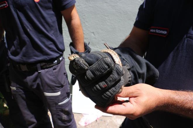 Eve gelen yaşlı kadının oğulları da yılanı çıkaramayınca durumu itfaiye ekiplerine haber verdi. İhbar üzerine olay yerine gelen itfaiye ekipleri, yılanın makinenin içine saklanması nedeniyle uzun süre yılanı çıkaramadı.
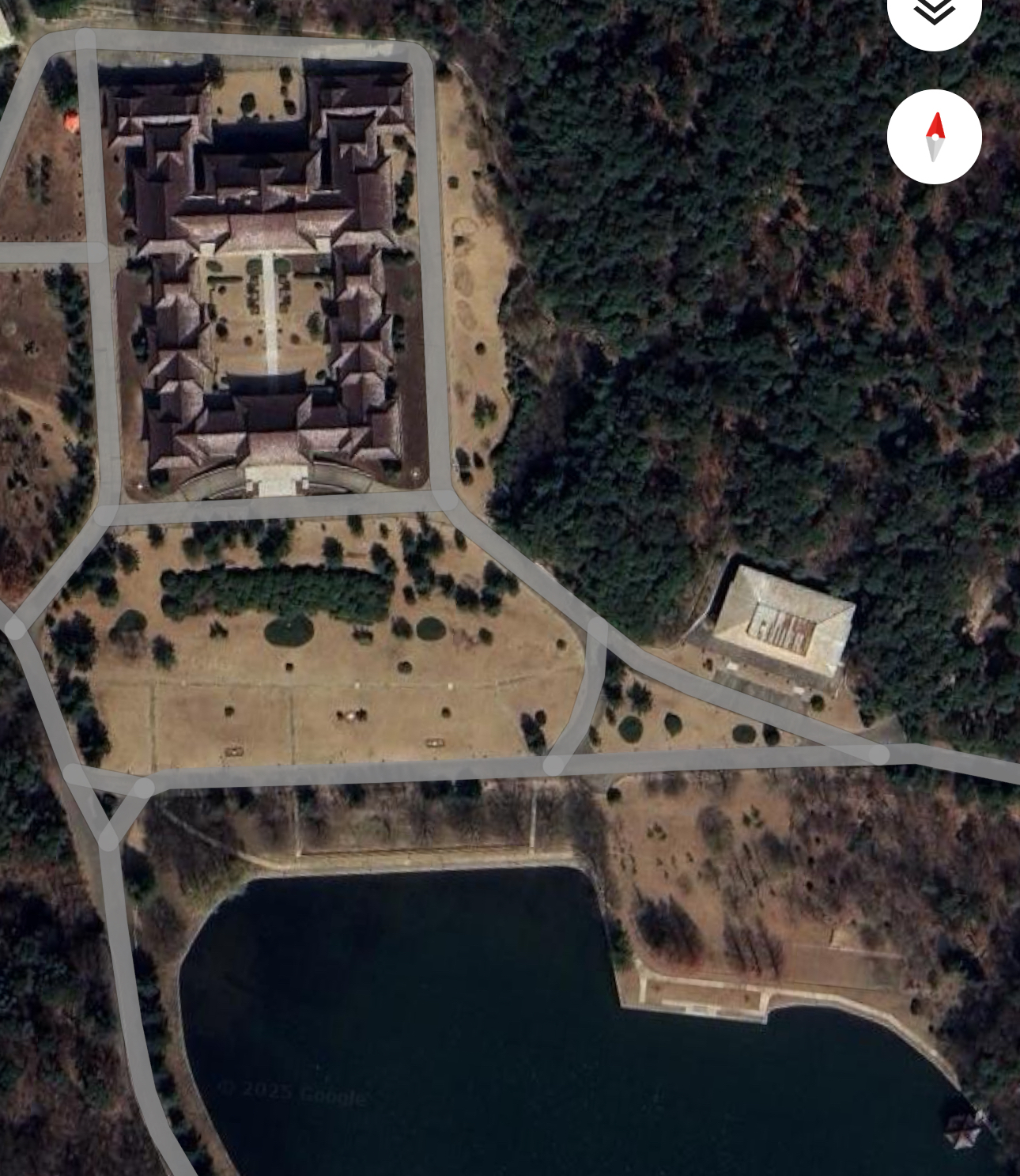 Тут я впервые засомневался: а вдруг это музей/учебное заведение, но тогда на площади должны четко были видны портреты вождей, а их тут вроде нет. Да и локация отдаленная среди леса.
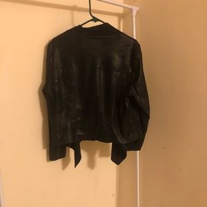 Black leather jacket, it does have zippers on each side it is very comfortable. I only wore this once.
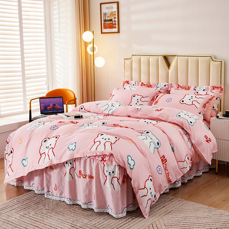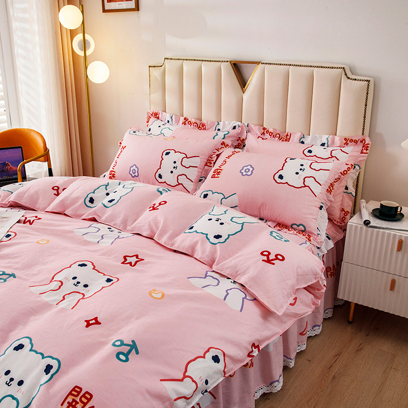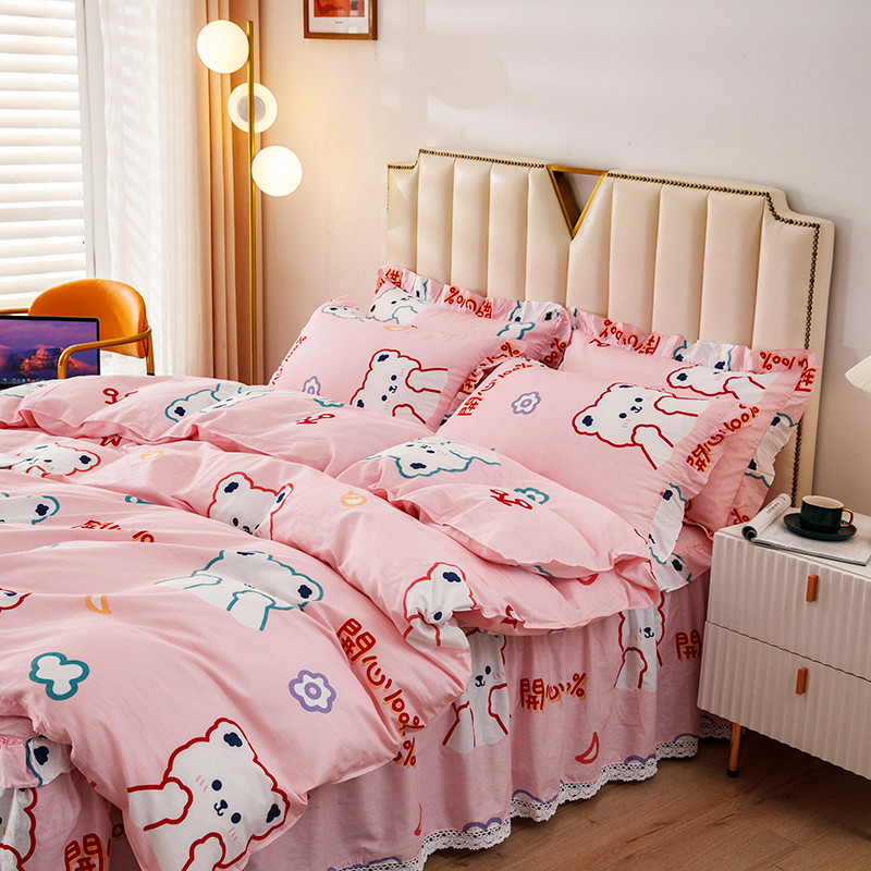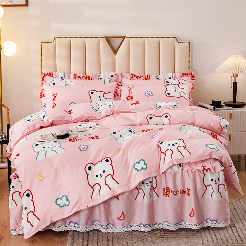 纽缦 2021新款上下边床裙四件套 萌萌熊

-*-

**Task requirements**
Transcribe the material above word for word; images do not belong in the copy.

**Output of the task**
 Eve gelen yaşlı kadının oğulları da yılanı çıkaramayınca durumu itfaiye ekiplerine haber verdi. İhbar üzerine olay yerine gelen itfaiye ekipleri, yılanın makinenin içine saklanması nedeniyle uzun süre yılanı çıkaramadı.
 Тут я впервые засомневался: а вдруг это музей/учебное заведение, но тогда на площади должны четко были видны портреты вождей, а их тут вроде нет. Да и локация отдаленная среди леса.
 Black leather jacket, it does have zippers on each side it is very comfortable. I only wore this once.
 纽缦 2021新款上下边床裙四件套 萌萌熊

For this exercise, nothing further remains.